With the rapid development of generative AI-driven technologies, their applications in the field of architectural design are continuously expanding. From the generation of architectural conceptual ideas to design optimization and performance evaluation, artificial intelligence is reshaping traditional design processes. How to achieve automated integration from conceptual design to building energy performance simulation, so as to improve design efficiency and support low-carbon building decision-making, has become an important research direction in the fields of architectural design, the built environment, and intelligent construction.

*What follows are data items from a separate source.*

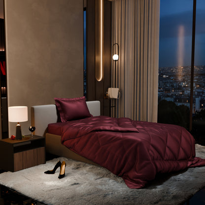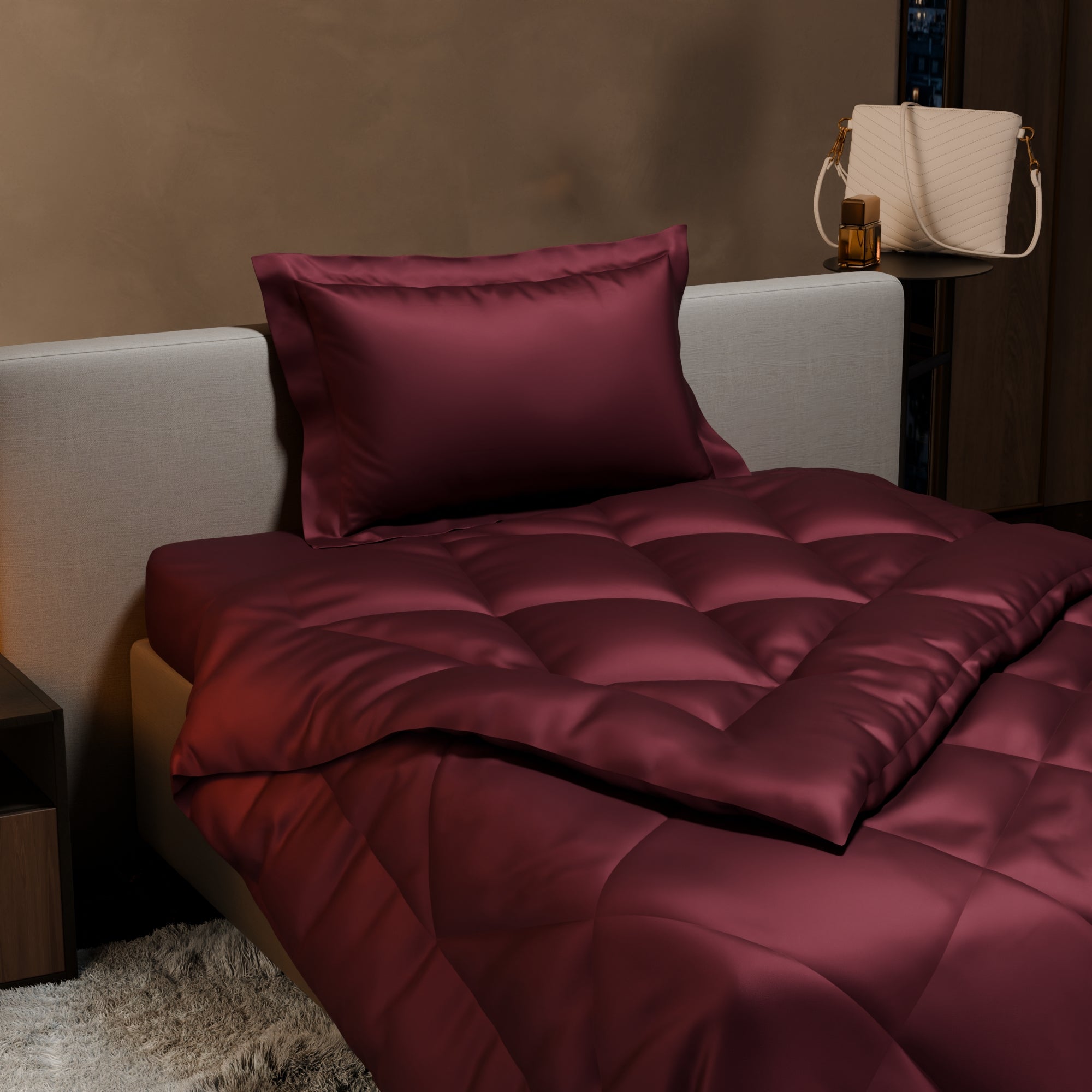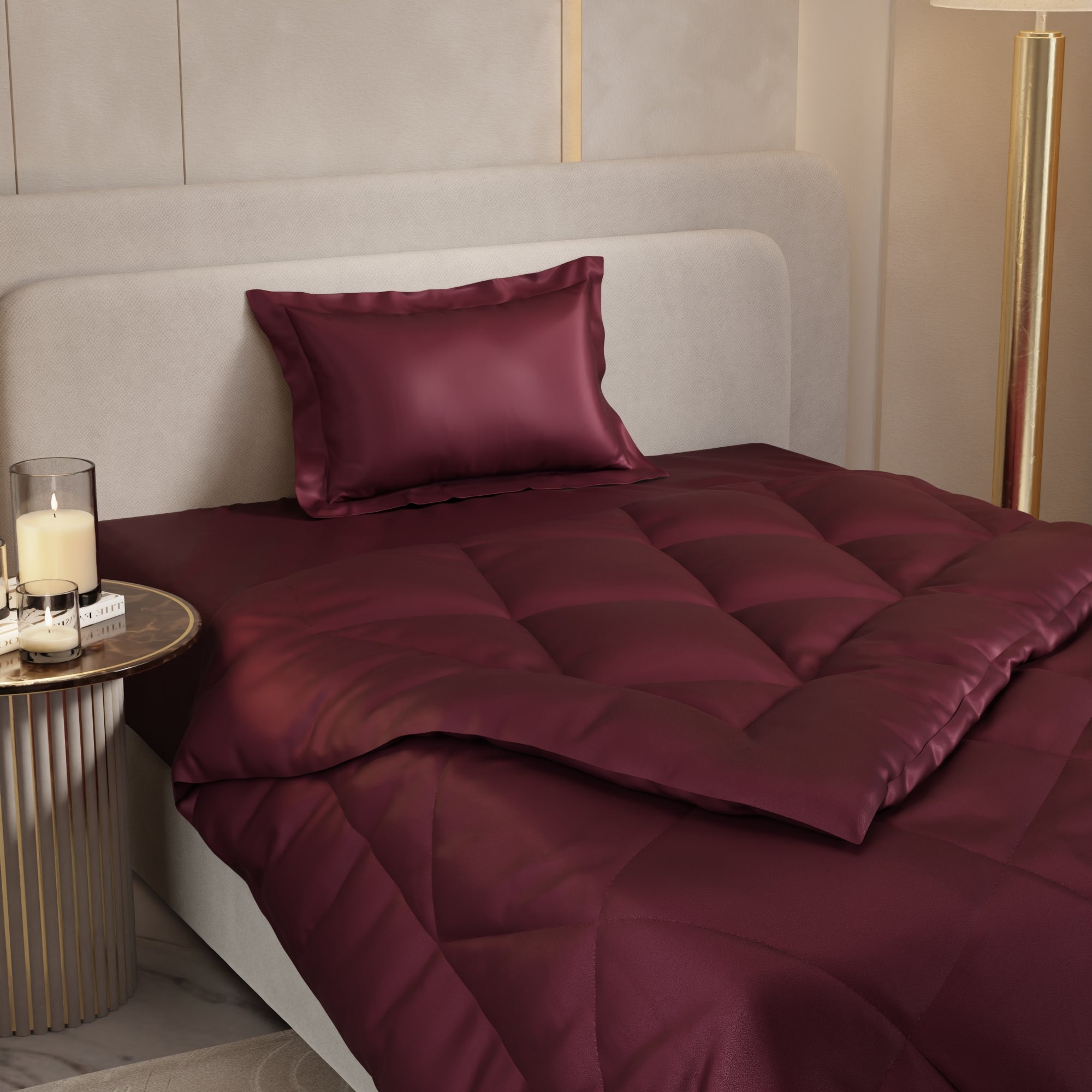 This 100% polyester UltraSatin Comforter can be machine-washed, tumbled dry, or ironed at low temperatures. Do not bleach. Do not dry in direct sunlight. Learn More
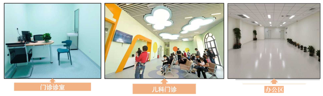 兒科區(qū)域天空、地面云朵、墻面城堡卡通造型設(shè)計,烤漆板,鋁方通、地膠、玻纖壁布搭配,效果溫馨,不同材料色彩運用,盡顯人性化設(shè)計。診室、辦公區(qū)墻地面裝飾簡潔明亮,干凈舒宜,地面PVC地膠,墻面玻纖壁布,耐磨耐用,抗污效果好,容易清潔,質(zhì)感柔和,色彩豐富,選擇面廣。
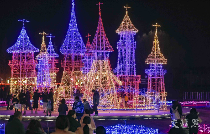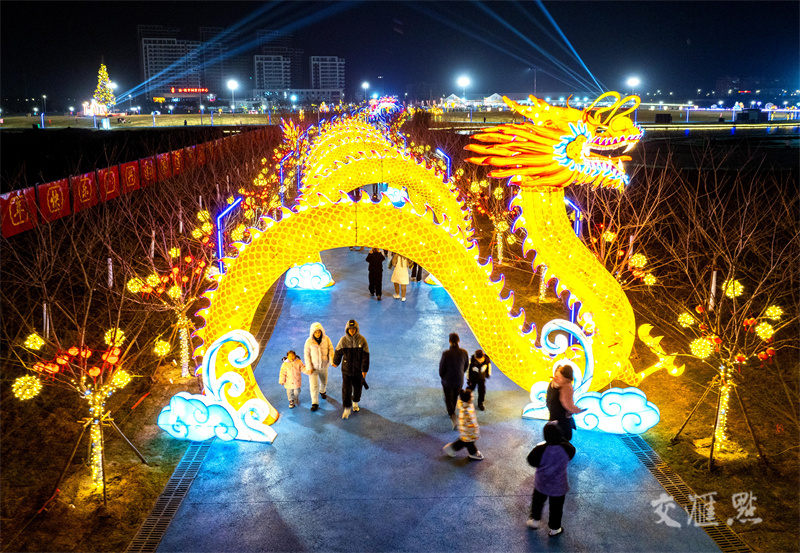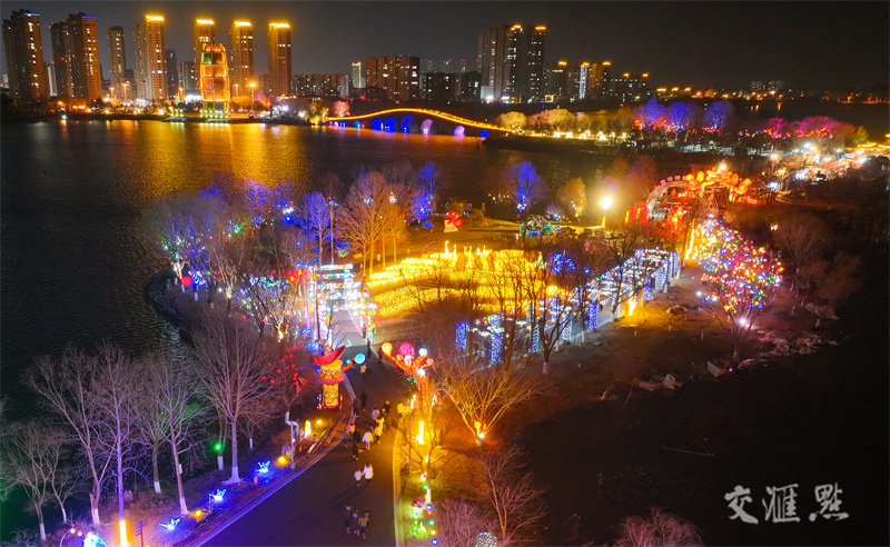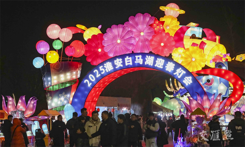 1月22日,淮安白马湖生态旅游景区2025迎春灯会亮灯,花灯造型各异,灯光璀璨,营造欢乐喜庆氛围,吸引游客前来赏灯游玩。赵启瑞摄 视觉江苏网供图
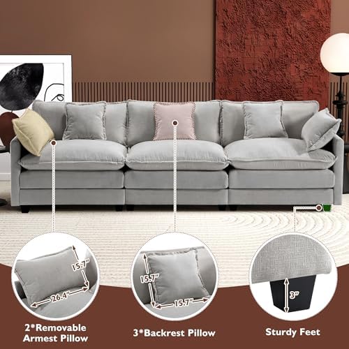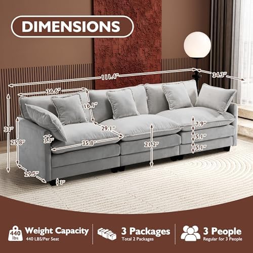 The Cloud Couch measures 111.4″W x 34.3″D x 33″H, making it a perfect centerpiece for your living room. Each sofa arrives in three boxes for easy transport, although they may arrive separately. Included in the package are all numbered parts, tools, and clear step-by-step instructions, allowing for straightforward assembly. With the provided tools, you can set up your couch in just 30 minutes. Should you encounter any issues upon receipt, please do not hesitate to reach out for assistance.

Journal of Building Design and Environment (JBDE) Frontier Forum. This issue is honored to invite Prof. Qingyan Chen from The Hong Kong Polytechnic University to deliver a presentation on the cutting-edge theme Generative AI Empowers Architectural Design: Automated Workflow from Conceptual Design to Building Energy Performance Simulation. He will deeply explore the innovative applications of generative AI in architectural design, as well as how to achieve the full-process intelligence and automation from design conception to building energy performance analysis.


Meeting Format

1. Meeting Theme

Generative AI-Driven Architectural Design: Automating the Transition from Concept to Building Energy Simulation


2. Meeting Time

3:00 PM, July 22 (Beijing Time)


3. Format

Zoom Meeting Meeting ID: 862 6753 2033 Passcode: 340429


Presentation Content

The early stage of architectural design has a decisive impact on overall building performance. However, translating creative conceptual design processes into structured building energy consumption models remains a major bottleneck for the industry. To address this issue, this study proposes a generative AI‑based workflow that can automatically convert design intent into building energy simulation input files compatible with EnergyPlus. In the first workflow, ChatGPT‑Image and Hunyuan3D‑2.5 are used to automatically convert 2D conceptual designs into 3D mesh models, which are further applied to building energy performance simulation. In the second workflow, Claude 3.7 Sonnet acts as an “automated architect” and constructs geometric building models by generating Python code. Both approaches enable direct performance evaluation of design alternatives within the EnergyPlus platform. Tests were conducted using a case study of an office building in Hong Kong. The results show that optimization of building form and HVAC systems can significantly reduce energy consumption, while largely eliminating the extensive manual modeling time required in traditional building energy modeling. This study demonstrates the great potential of generative AI in architectural design, enabling seamless integration and automated coordination between creative design exploration and building energy performance optimization.